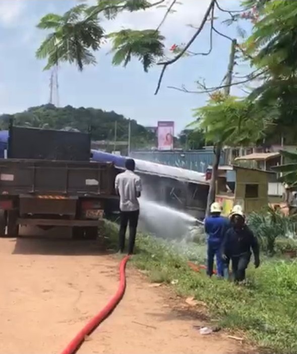 A tanker carrying about 27,000 litters of fuel has overturned on the road between Effia and Fijai.
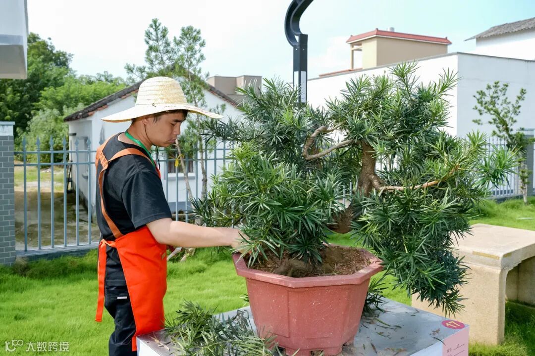 卢永钊作品《飘然》,通过精心构思和巧妙安排罗汉松的枝条、叶片和根部等元素,使盆景在有限的空间内展现出无限的延伸感不仅能让罗汉松盆景显得更加立体和生动,引导观赏者的视线流动,从而感受到一种飘然欲仙的意境。
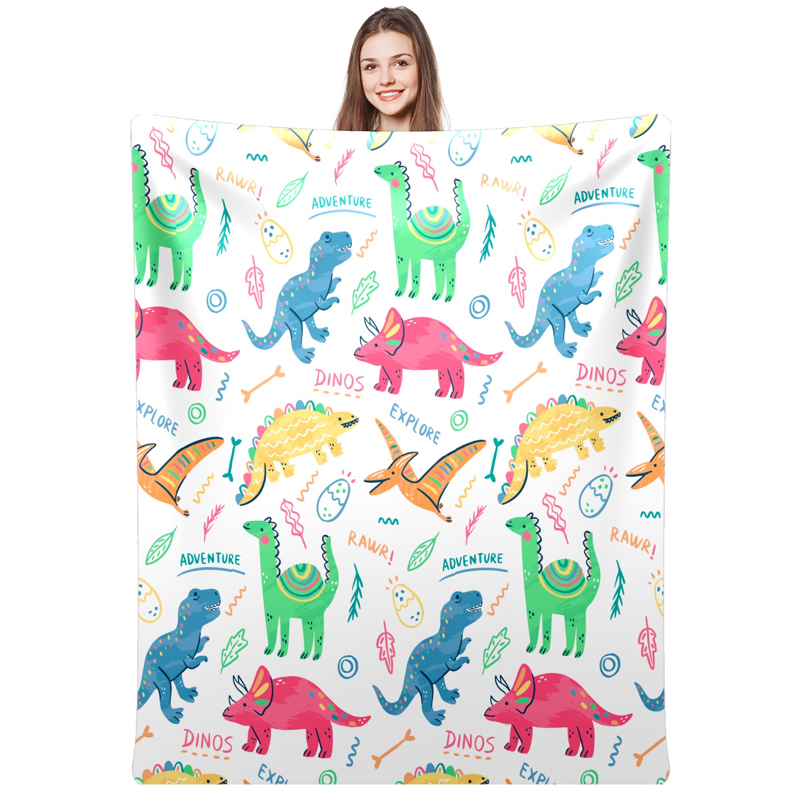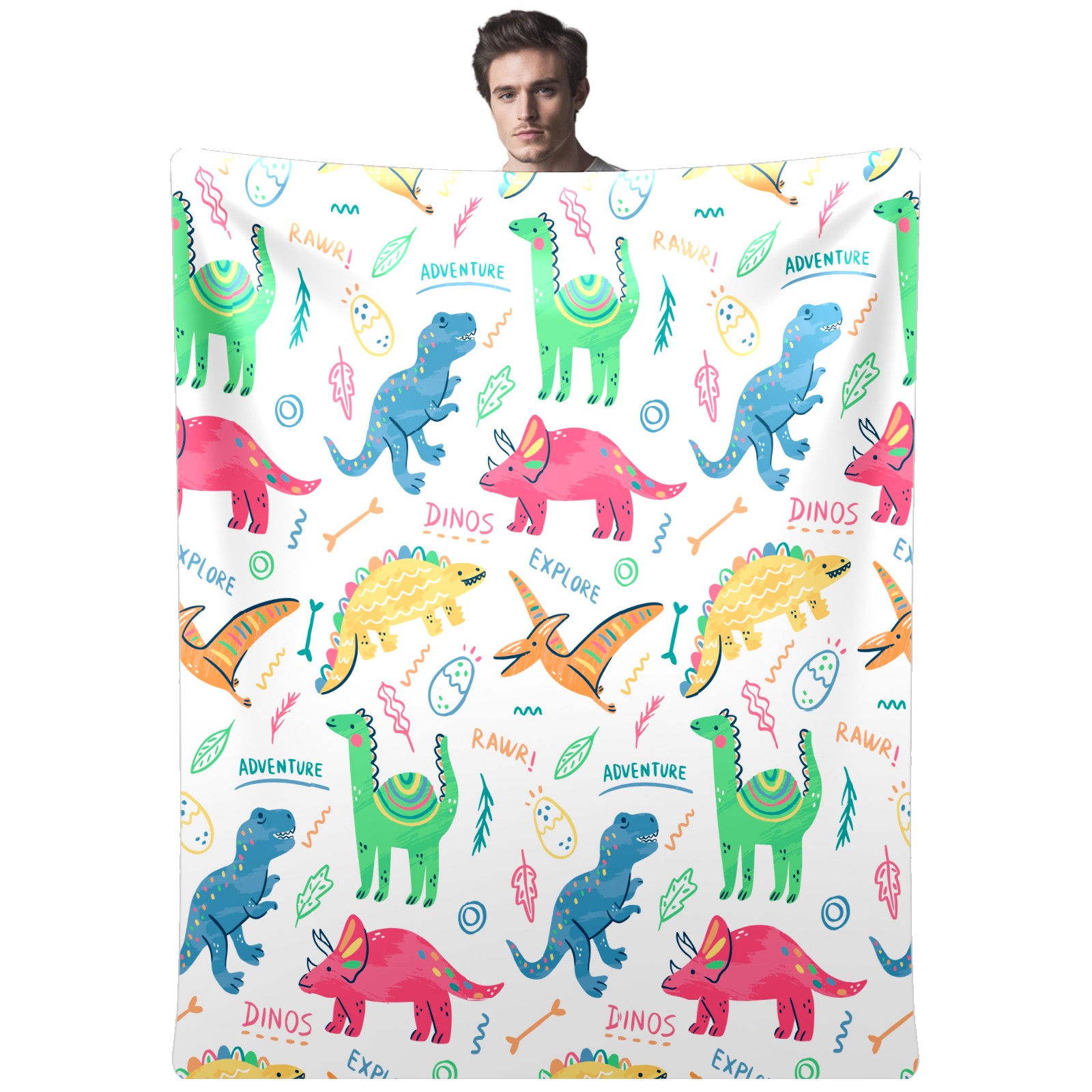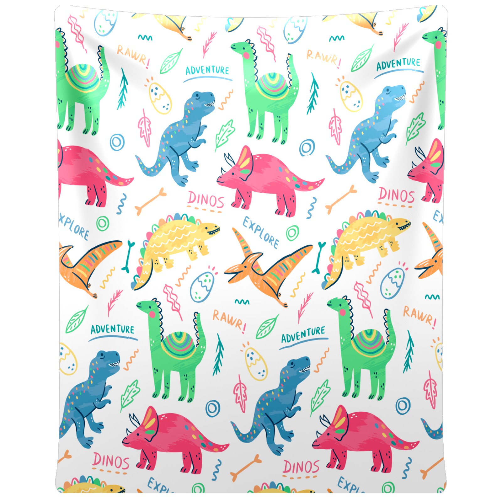 Colorful Doodle Dinosaurs Words Pattern

### TASK DETAILS
Could you print the listing above exactly, without the pictures?

### ANSWER FOR THIS EXERCISE
 A tanker carrying about 27,000 litters of fuel has overturned on the road between Effia and Fijai.
 卢永钊作品《飘然》,通过精心构思和巧妙安排罗汉松的枝条、叶片和根部等元素,使盆景在有限的空间内展现出无限的延伸感不仅能让罗汉松盆景显得更加立体和生动,引导观赏者的视线流动,从而感受到一种飘然欲仙的意境。
 Colorful Doodle Dinosaurs Words Pattern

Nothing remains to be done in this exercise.